Data entries
━━━
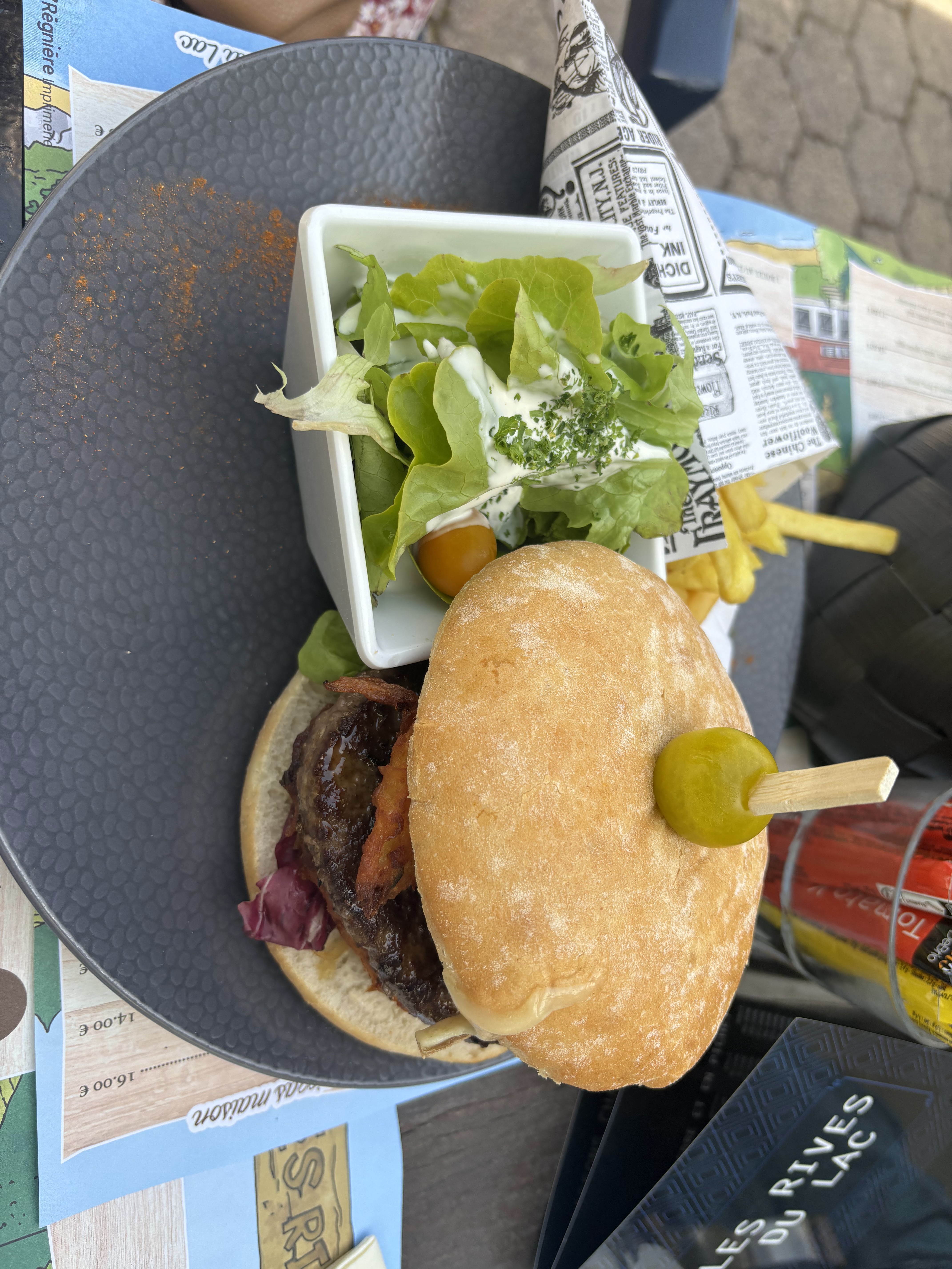 Cadre sympathique mais le service et les prestations n'étaient tout simplement pas à la hauteur des attentes... Entre les tarifs exorbitants dû à cette chance d'avoir une vue sur le lac et le service déplorable ainsi que les temps d'attente digne d'une salle d'attente de docteur et une cuisine juste horrible Les hamburgers je déconseille le pain abominable et ramollit, trop de gras qui coule dans l'assiette, une salade en entrée ou l ingrédient gruyère stipulé dans la liste et tout simplement du gruyère râpé en sachet ... même le irish coffee du dessert devait arriver d'Irlande car limite froid .. Bref sacrément déçu
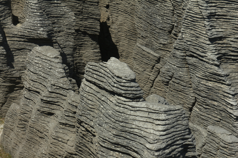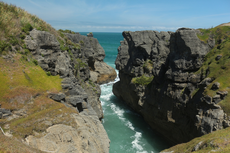 Dann ging es endlich zu den berühmten Pancake Rocks. Der Name kommt von der unverkennbaren Form aufeinander gestapelter Pfannkuchen. Die Felsformationen sind vor tausenden von Jahren irgendwie unter Wasser entstanden. Wie genau, das weiß man bis heute nicht, so besagt eine Info-Tafel. Unter den Pancake Rocks sind ähnlich wie bei Jacks Blowhole große unterspülte Becken entstanden. In denen schlagen die Flutwellen bis zu 15m hoch an den Wänden hinauf. Echt beedindruckend!
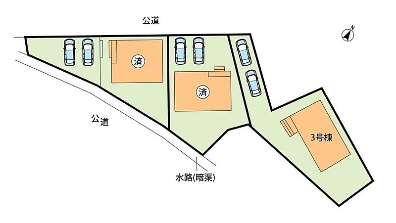 | 駐車場 | 2台 | 道路の幅員 | 北西側4m |
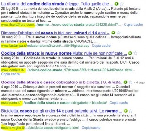 Ad esempio ora il mio post sul nuovo codice della strada e casco per la bici compare in prima pagina (se non in prima posizione) con molte combinazioni di keyword nonché, come di mostra lo screenshot qui a lato, anche in bella compagnia.
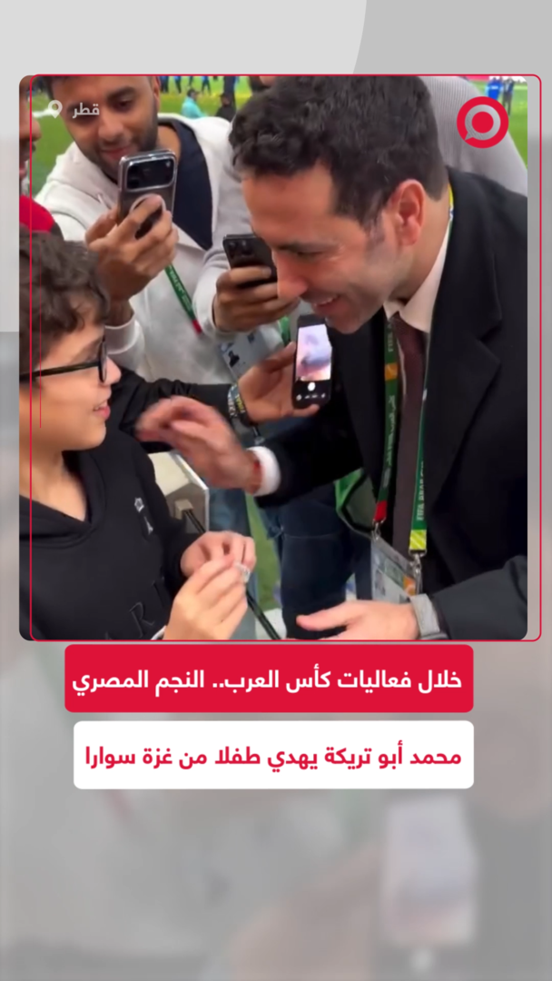 Play/Pause Mute/Unmute خلال فعاليات كأس العرب.. النجم المصري محمد أبو تريكة يهدي طفلا من غزة سوارا Save post Share Facebook X VK.com Telegram
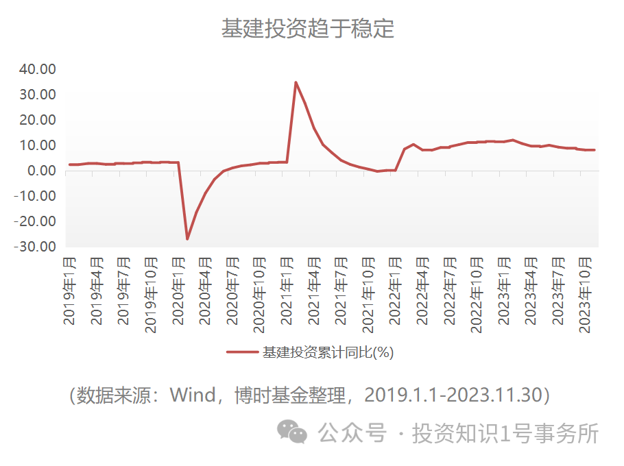第二个,财政政策指标。稳增长政策持续发力,万亿国债增发,基建投资始终保持相对稳定增速。
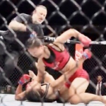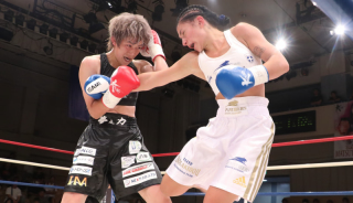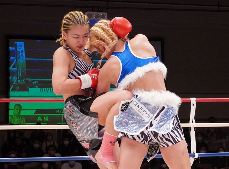 ヒザ蹴りを放つ真優
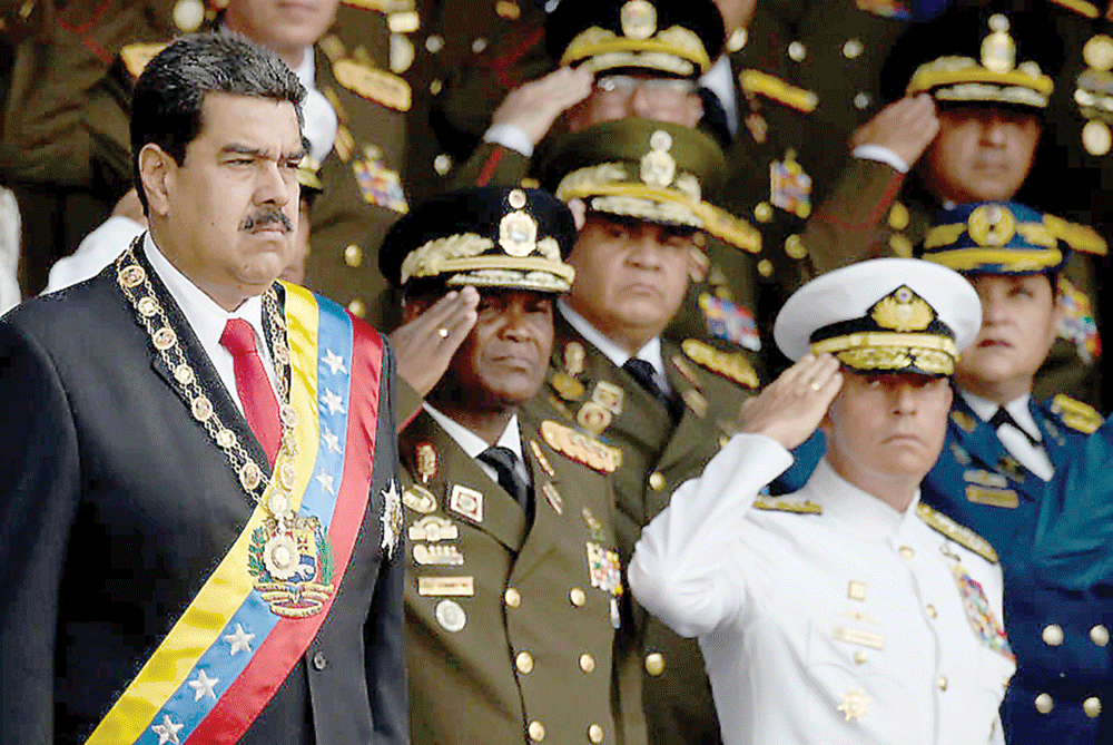 Tổng thống Maduro (trái) bị tấn công khi đang dự một sự kiện của quân đội. Ảnh: AFP
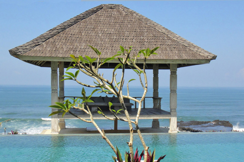Villa Breeze is an example of Balinese design at its best. The octagonal, two storey villa has a beautiful open plan living and dining room with amazing stacked slate, stones and mosaic tiles walls and floors. A private garden and pool extend to the cliff edge is a breathtaking sight especially at night when the pool is lit by fiber optic lights. The upstairs master bedroom has a king sized bed with a desk and sofa as well as a private balcony while the downstairs second bedroom has a queen sized bed and single bed.
━━━
= Aim of the exercise =
All that is wanted is an exact copy of the lines from the line bearing "Play/Pause Mute/Unmute خلال" through the final line of the entries, including both ends but no pictures.

= Completed exercise =
 Play/Pause Mute/Unmute خلال فعاليات كأس العرب.. النجم المصري محمد أبو تريكة يهدي طفلا من غزة سوارا Save post Share Facebook X VK.com Telegram
第二个,财政政策指标。稳增长政策持续发力,万亿国债增发,基建投资始终保持相对稳定增速。
 ヒザ蹴りを放つ真優
 Tổng thống Maduro (trái) bị tấn công khi đang dự một sự kiện của quân đội. Ảnh: AFP
Villa Breeze is an example of Balinese design at its best. The octagonal, two storey villa has a beautiful open plan living and dining room with amazing stacked slate, stones and mosaic tiles walls and floors. A private garden and pool extend to the cliff edge is a breathtaking sight especially at night when the pool is lit by fiber optic lights. The upstairs master bedroom has a king sized bed with a desk and sofa as well as a private balcony while the downstairs second bedroom has a queen sized bed and single bed.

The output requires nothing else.